Programming for Data Science¶

Time Series¶

Dr. Bhargavi R

SCOPE, VIT Chennai

  • Pandas provides rich set of tools to work with date and time.
  • Time stamp - References a particular instant/moment in time (e.g., September 2nd, 2020, 8:00am).
  • Time interval - reference a length of time between a particular beginning and end point.
  • Period - Reference a special case of time intervals in which each interval is of uniform length and does not overlap.
  • Time deltas - reference an exact length of time

Periods can be use to check if a specific event occurs within a certain period.
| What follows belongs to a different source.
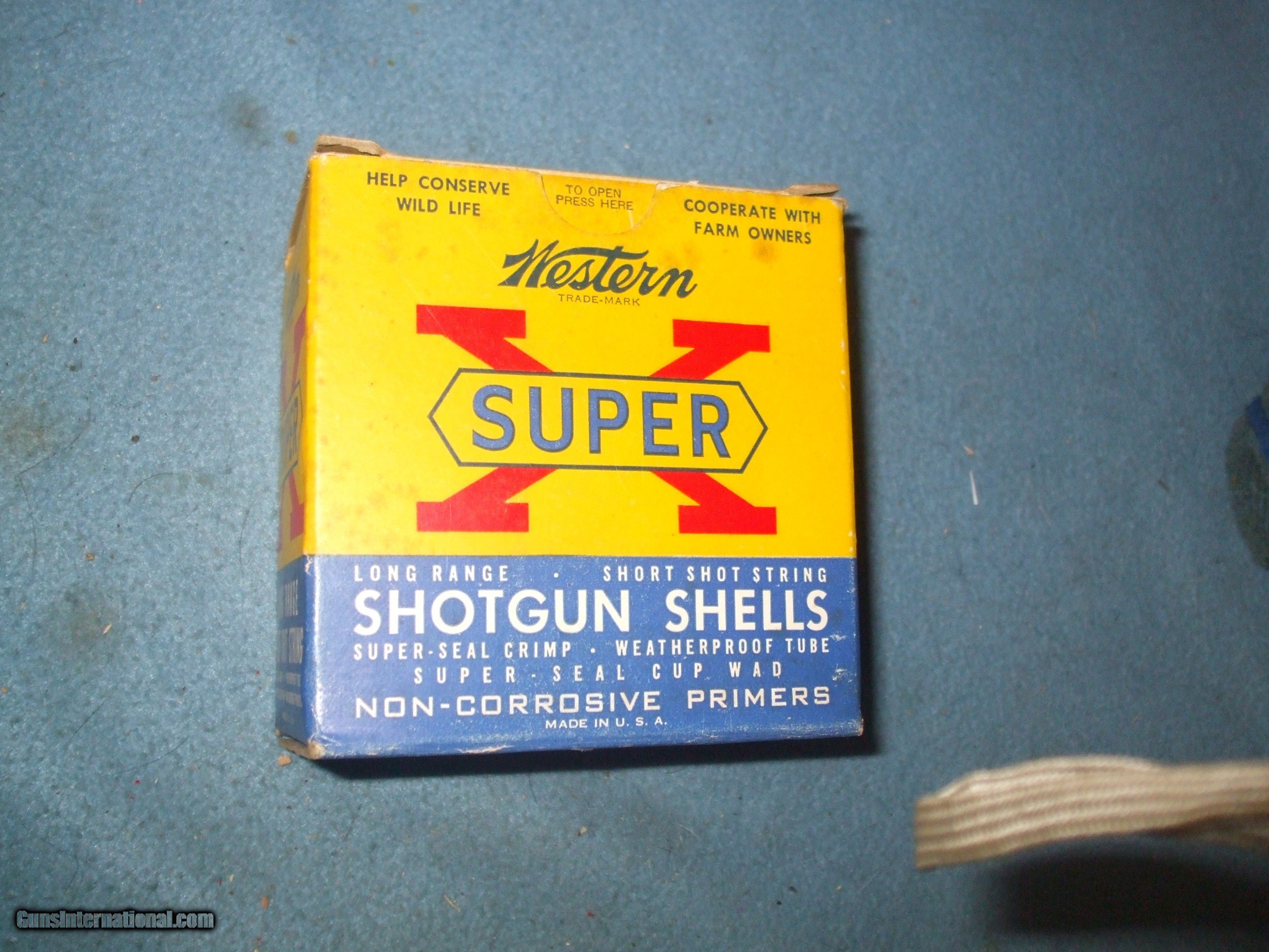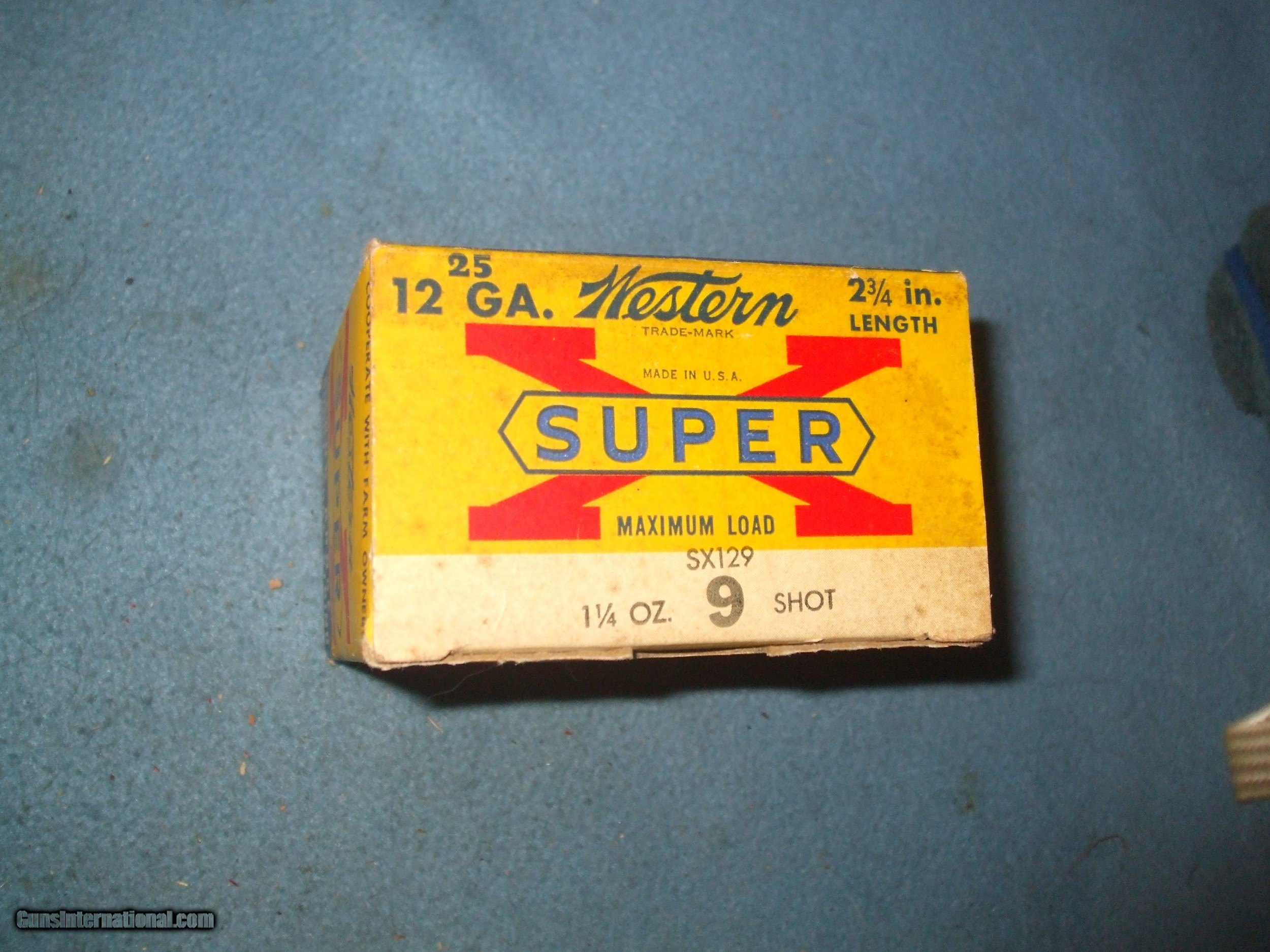 Description: Western Super X 12ga 1 1/4oz #9 shot. Code SX129. Not complete box 21rds. Unusual load in high brass shell. Paper shell pie crimp. Box condition good and shells excellent. Please note cannot ship to CA, MA, NJ, IL and any other restricted areas. SOLD Shotgun Gauge: 12 Gauge |

Basically a Period represents an interval while a Timestamp represents a point in time

In [1]:
import numpy as np
import pandas as pd
from datetime import datetime
from dateutil import parser
In [2]:
# get today's date and time
print(datetime.today())
2023-06-20 21:23:15.735922
In [3]:
# Create a datetime object
print(datetime(day=21, month = 9, year= 2020))
2020-09-21 00:00:00
In [4]:
# Set day, month, day and time 
datetime(year = 2020, month = 8, day = 4, hour = 14, minute = 35)
Out[4]:
datetime.datetime(2020, 8, 4, 14, 35)
In [5]:
date = parser.parse(" 2020, Sept 2nd 8:30:45")
date
Out[5]:
datetime.datetime(2020, 9, 2, 8, 30, 45)
In [6]:
print(date.strftime('%A'))
print(date.strftime('%a'))
print(date.strftime('%m'))
print(date.strftime('%B'))
print(date.strftime("%H:%M:%S"))
Wednesday
Wed
09
September
08:30:45
In [7]:
# Numpy - Timeseries - datetime64
start_date = np.array('2020-07-04', dtype=np.datetime64)
print(start_date)
2020-07-04
In [8]:
dateseries = start_date + np.arange(10)
dateseries
Out[8]:
array(['2020-07-04', '2020-07-05', '2020-07-06', '2020-07-07',
       '2020-07-08', '2020-07-09', '2020-07-10', '2020-07-11',
       '2020-07-12', '2020-07-13'], dtype='datetime64[D]')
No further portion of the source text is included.